Wednesday, January 27, 2010

Technography as Methodology

Thinking still about technography and its possibilities for research methodology as well as methods. I find that I can pretty easily come up with an application and call it “technography”; however, I find that I can also come up with ideas for new animals and call all of them “horses. It’s the methodology, the justification, that I’m finding problematic. Kien refers repeatedly to the “role that technology” plays, and that in order to conduct a technography the researcher would need to observe technology as though it were a human participant. I’m not sure I can pull that off, but I do feel he’s on to something. What I’m going to write about today deals more with eking out a space in which technography might exist, and then seeing if I can fit some scenarios into it.

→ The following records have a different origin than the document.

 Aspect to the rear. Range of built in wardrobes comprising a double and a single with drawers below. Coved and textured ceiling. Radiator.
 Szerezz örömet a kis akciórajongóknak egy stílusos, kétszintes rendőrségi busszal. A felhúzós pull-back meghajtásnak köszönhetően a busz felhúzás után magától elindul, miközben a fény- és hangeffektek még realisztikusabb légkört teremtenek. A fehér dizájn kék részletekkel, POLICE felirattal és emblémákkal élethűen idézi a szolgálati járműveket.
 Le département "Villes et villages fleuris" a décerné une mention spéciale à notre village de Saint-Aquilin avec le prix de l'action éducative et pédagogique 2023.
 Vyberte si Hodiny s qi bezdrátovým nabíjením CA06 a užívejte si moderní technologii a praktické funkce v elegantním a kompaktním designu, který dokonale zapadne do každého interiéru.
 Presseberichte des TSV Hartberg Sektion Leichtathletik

As opposed to an ethnography, which functions within a physical space, a technography uses technology as part of its spatial constraint. If a group of people all sitting around a monitor and working on the same document is a technography, then we’d need to identify that monitor as part of our technographic space. The OED gives us “technography: the description of the arts, forming the preliminary stage of technology.” Certainly, it would be easy enough to describe a technology, but I suspect that without at least a partial delving into technique that that description would be weak. A diagram of parts, no more. So identifying the monitor in our example as part of the technographic space only gives us, again, part of that space. The other space would need to be identified as well: what software is used? Are there multiple physical points of input (is each person using a keyboard) and allowances for simultaneous input (are all those keyboards inputting at the same time)? How was that software chosen—by group consensus or individual recommendation? Or simply to keep up with the Joneses?

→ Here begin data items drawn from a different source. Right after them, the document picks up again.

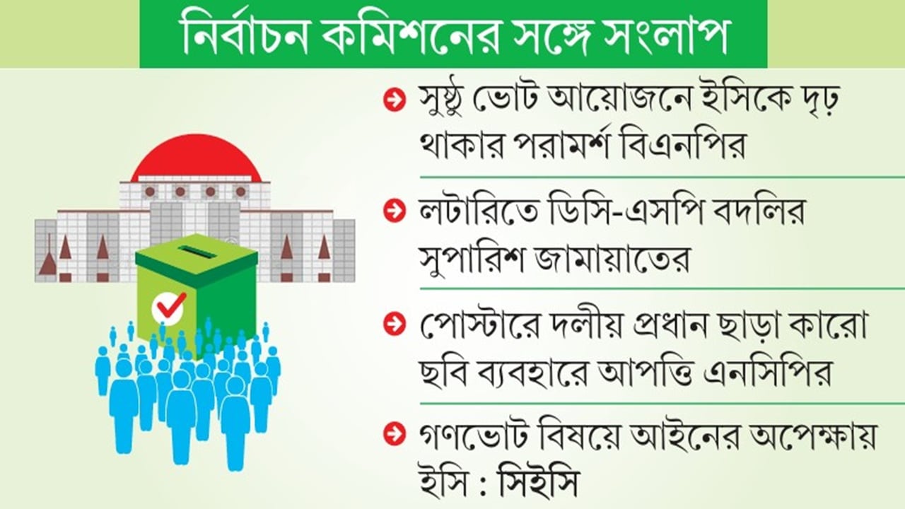 ভিডিও বানাতে গিয়ে অগ্নিদগ্ধ হয়ে হাসপাতালে কনটেন্ট ক্রিয়েটর শিশুকে পিটিয়ে হত্যার অভিযোগে সৎ মা আটক- পলাতক বাবা লুট হওয়া জামায়াতের ৯ মোটরসাইকেল বিএনপি নেতার বাড়ি থেকে উদ্ধার নিষিদ্ধ ঘোষিত ছাত্রলীগের নতুন কমিটি ঘোষণা রাজধানীর সচিবালয় মেট্রোরেল স্টেশনে ট্রেনের ছাদে দুই ব্যক্তি কর্মস্থলে যাওয়ার পথে সড়ক দুর্ঘটনায় নিহত সিনিয়র সাংবাদিক জহির এনসিপির প্রার্থী তালিকা চূড়ান্ত হতে আর ‘দুই দিন’ সময় লাগতে পারে চাঁপাইনবাবগঞ্জে বেগম জিয়ার রোগমুক্তি কামনায় যুব দলের দোয়া মাহফিল “স্বেচ্ছায় বিবাহ, তবুও  অপহরণ মামলা-নিরাপত্তা চেয়ে  ইসরাত খাতুন”র সংবাদ সম্মেলন ৮ দল আমাদের আর ৮ দল থাকছে না- আরও অনেক দল জোট করার আবেদন করছে- গোলাম পরওয়ার
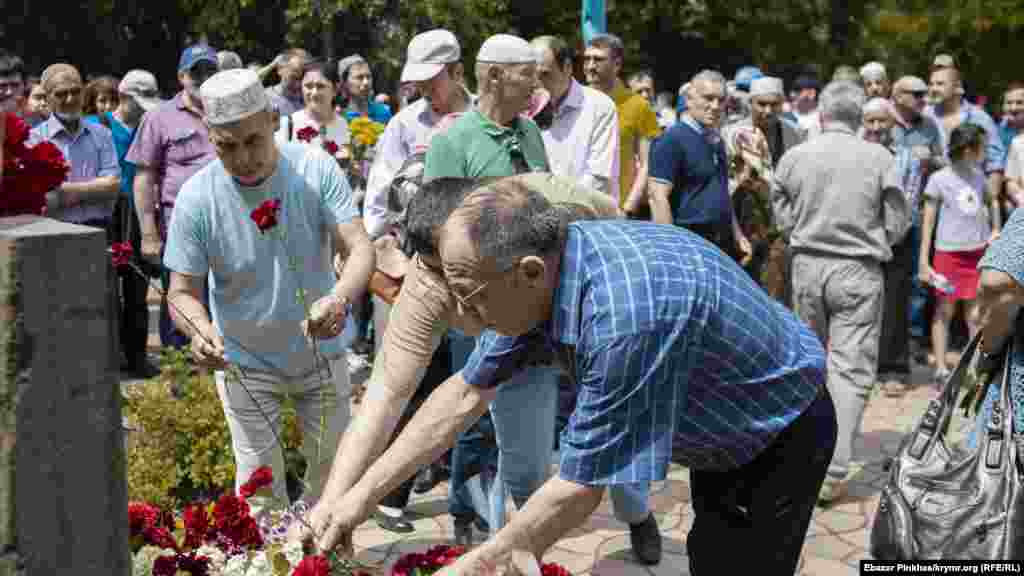 В Симферополе почтили память жертв депортации крымских татар. Участники траурной акции собрались у памятного знака в сквере возле железнодорожного вокзала Симферополя. Активисты возложили цветы к камню в память о жертвах депортации, и почтили их минутой молчания. Место проведения акции в течение всего времени было окружено сотрудниками российской полиции и Росгвардии.
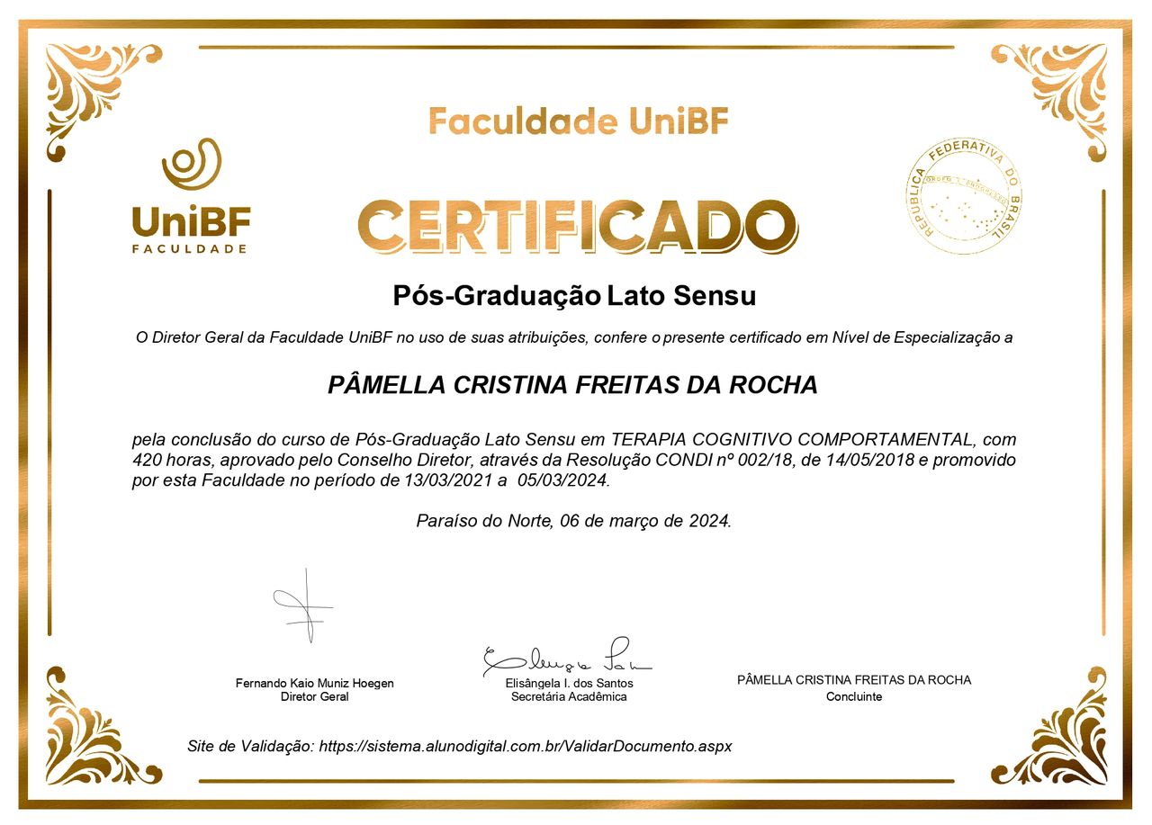 Quando poderia me consultar com Pâmella Cristina Freitas da Rocha?Pâmella Cristina Freitas da Rocha costuma ter horários disponíveis dentro da mesma semana ou para a semana seguinte. Verifique o calendário: você verá o primeiro horário disponível, atualizado em tempo real. Caso o horário sugerido não funcione para você, verifique outras datas. Agendar uma consulta é sempre imediato e gratuito.
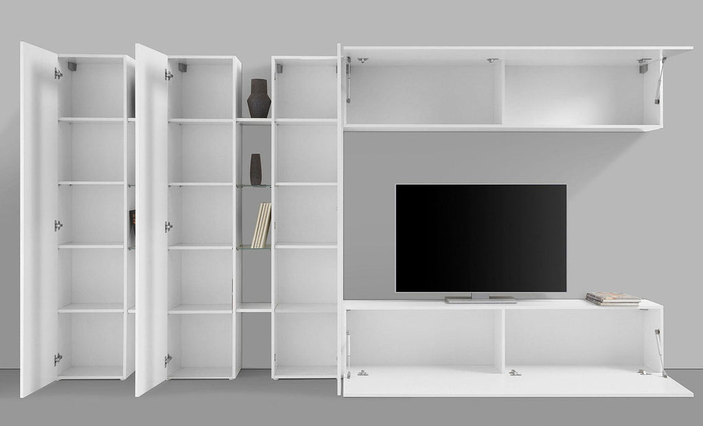 Parete Attrezzata Soggiorno 340x30x180 cm Maruska n°5 Bianco Lucido

Technography also deals, at least in part, with the role that a tool plays as a member of a working group. In technical communication terms, that role might be filled or demarcated by the affordances of the technology itself: a wiki allows for rapid page creation but no spell checking, and Word allows for rapid spell checking but difficulty in rendering HTML. The constraints, then, of the tool mark off the physical space of the technography: whereas ethnography is often limited to physical spaces (an urban elementary school, or a medieval monastery), a technography is limited by the interactions facilitated and disallowed by the tool in question.

For a study on workplace revision, a technography might take into account the following things:

• The number of users who could interact with the document simultaneously
• The ways in which users interact with each other while interacting with the document (do they talk, communicate via text, or is the document itself the interface of their communications?)
• How accessible the document is (are permissions required, or can anyone on the network modify it, or can anyone in the world modify it?)
• The location of the file (on a proprietary server, a third-party provider, a single user’s desktop, a portable device)
• The ways in which interaction and revision are presented within the software. Are revisions always in red, or do they appear in little balloons, or is there some way in which revisions can be hidden from all but the person who wrote them?
• The ways in which users characterize their interactions with the document (not sure what I mean here, but I feel somehow that asking the users how they feel about working together on a single document is important). This might lead to being able to categorize users as deterministic, user-centered, or some other sort of technological school of thought.

That last point is giving me some mental reservations. It seems obvious that in order for a technography to be a legitimate methodology then we’d need to include some description of how the participants view the tools they’re using for the prescribed task. For the purposes of collection, this could be done via an interview. But what purpose those descriptions would fulfill is elusive to me. Collecting the thoughts of people who use technology to accomplish a task is nothing new. I suspect that Roman officers along Hadrian’s wall occasionally asked the enlisted men how they felt about how the wall was working. But for a technography, could we argue that that description is a logical step in trying to account for how the tool is used to accomplish a goal? The interview need not focus upon romantic or far-flung thoughts: instead, the interview could simply contain commentary by the user on whether the tool in question worked well for the task at hand.

But I imagine that, if a necessary part of the definition of a technography is that it has group interaction at its core, then interviewing the group as a group would be far more fruitful. It might be easier to “get a sense of the room,” as it were, if asking the group about their interactions with the monitor (to refer back to the earlier example) were substituted for interviews of individuals.

If my target group is engineers, as it will be, then interactions with technology may be something they’re more than happy to describe, engineers being the technological folks they are. The question remains, though, whether technography can be validated as a methodological approach rather than simply an interesting catchword.

Last shot for today: if a methodology is an explanation of why a method is useful, or necessary, and if methodology has to do with attitudes towards the making of knowledge, then technography could be defined as group interactions through a technological interface. In my own specialized case, the group interaction would be workplace writing review and the interface would be whatever technology the group uses in order to accomplish the goal of review. The assumption that that technology is as important as the task—that the choice of technology teaches us as much about the activity as the rhetorical content of the document—is a technographic mindset.

Regardless of the particular workings of a technography, the point (as I see it) is to perform a study in which human activity is measured along with how that activity is shaped by the tools used by the participants. If interactions between participants can be measured, then surely how the participants use the technology in question can also be measured. I suspect it can be done empirically; I doubt whether that data is quantifiable.